Start of Block

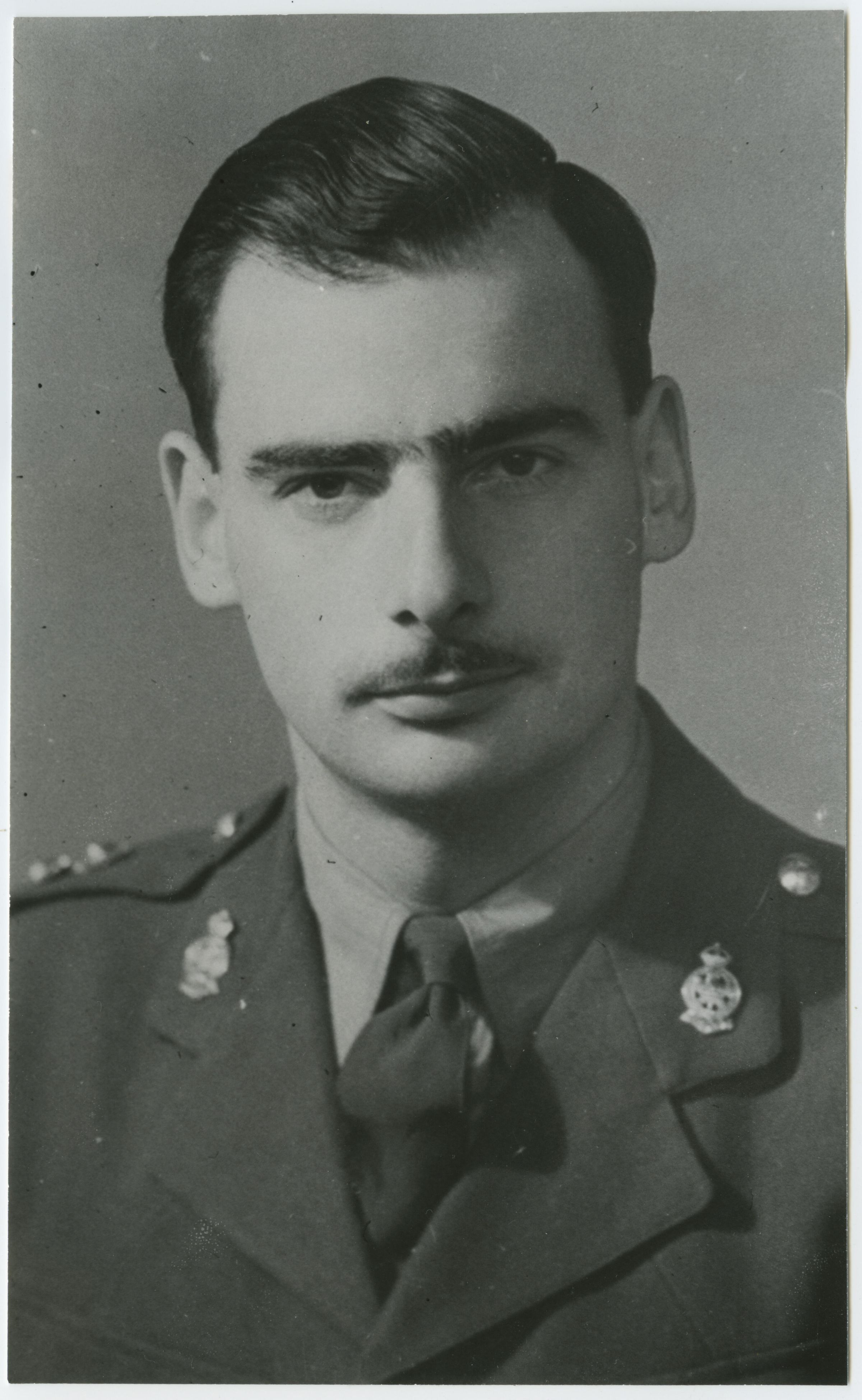 A black and white photo of Lieutenant Douglas Hunter. He is wearing the standard service dress uniform jacket. On the verso is a newspaper clipping and photos of brothers Lieutenants Lionel and Douglas Hunter who both served as officers in The Royal Montreal Regiment.Photograph Details
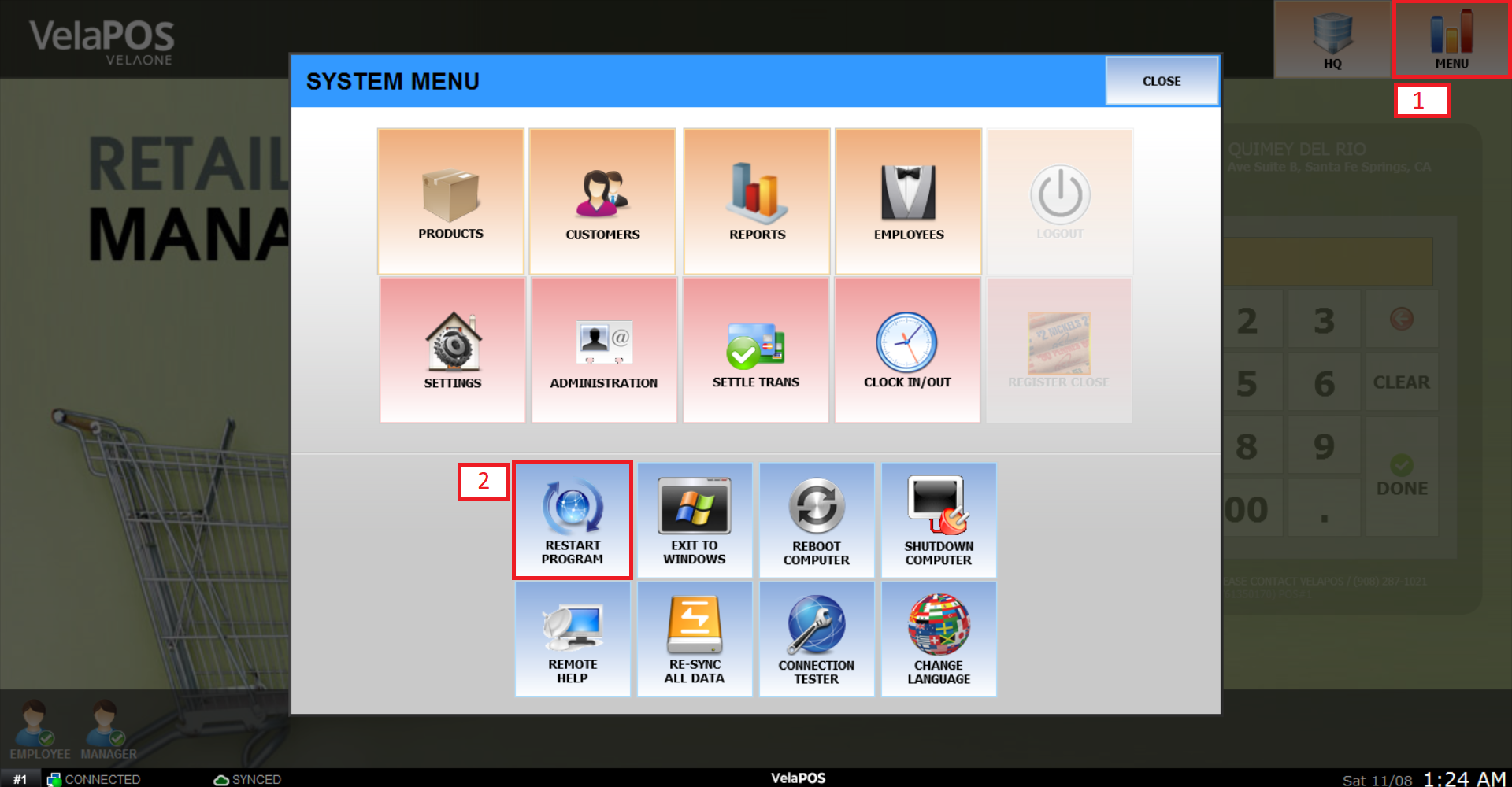 To apply the changes, go back to the main screen, go to MENU, and press RESTART PROGRAM.
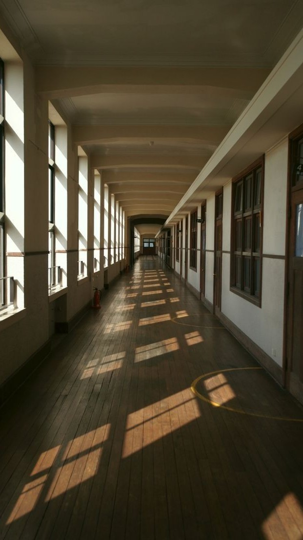 从走廊过来的时候,你看到尤里举着双手站在教室外面。
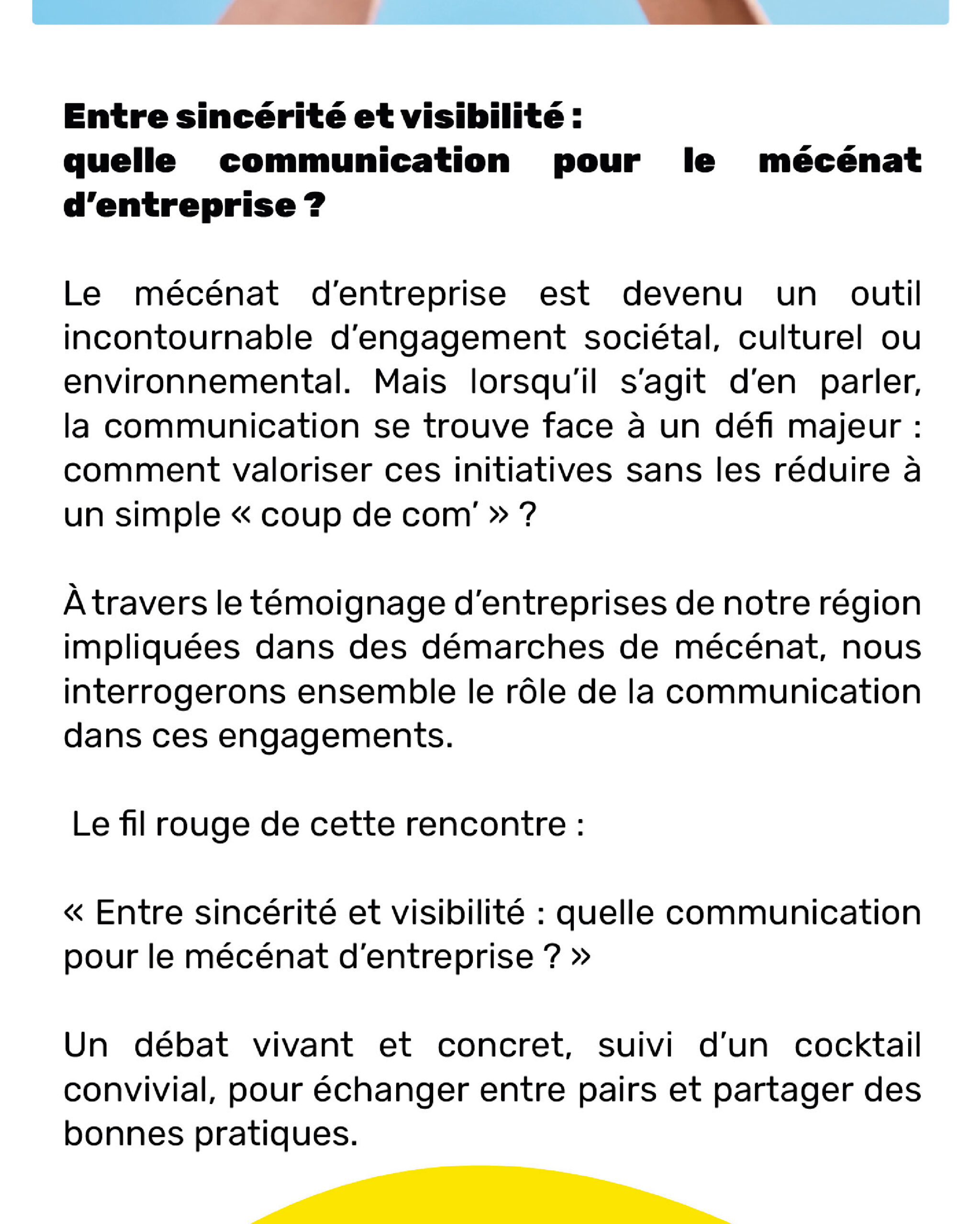 À travers le témoignage d’entreprises de notre région impliquées dans des démarches de mécénat, nous interrogerons ensemble le rôle de la communication dans ces engagements.

End of Block

:: What you have to do ::
Take the listing and print it again exactly, but without any pictures.

:: Response box ::
 A black and white photo of Lieutenant Douglas Hunter. He is wearing the standard service dress uniform jacket. On the verso is a newspaper clipping and photos of brothers Lieutenants Lionel and Douglas Hunter who both served as officers in The Royal Montreal Regiment.Photograph Details
 To apply the changes, go back to the main screen, go to MENU, and press RESTART PROGRAM.
 从走廊过来的时候,你看到尤里举着双手站在教室外面。
 À travers le témoignage d’entreprises de notre région impliquées dans des démarches de mécénat, nous interrogerons ensemble le rôle de la communication dans ces engagements.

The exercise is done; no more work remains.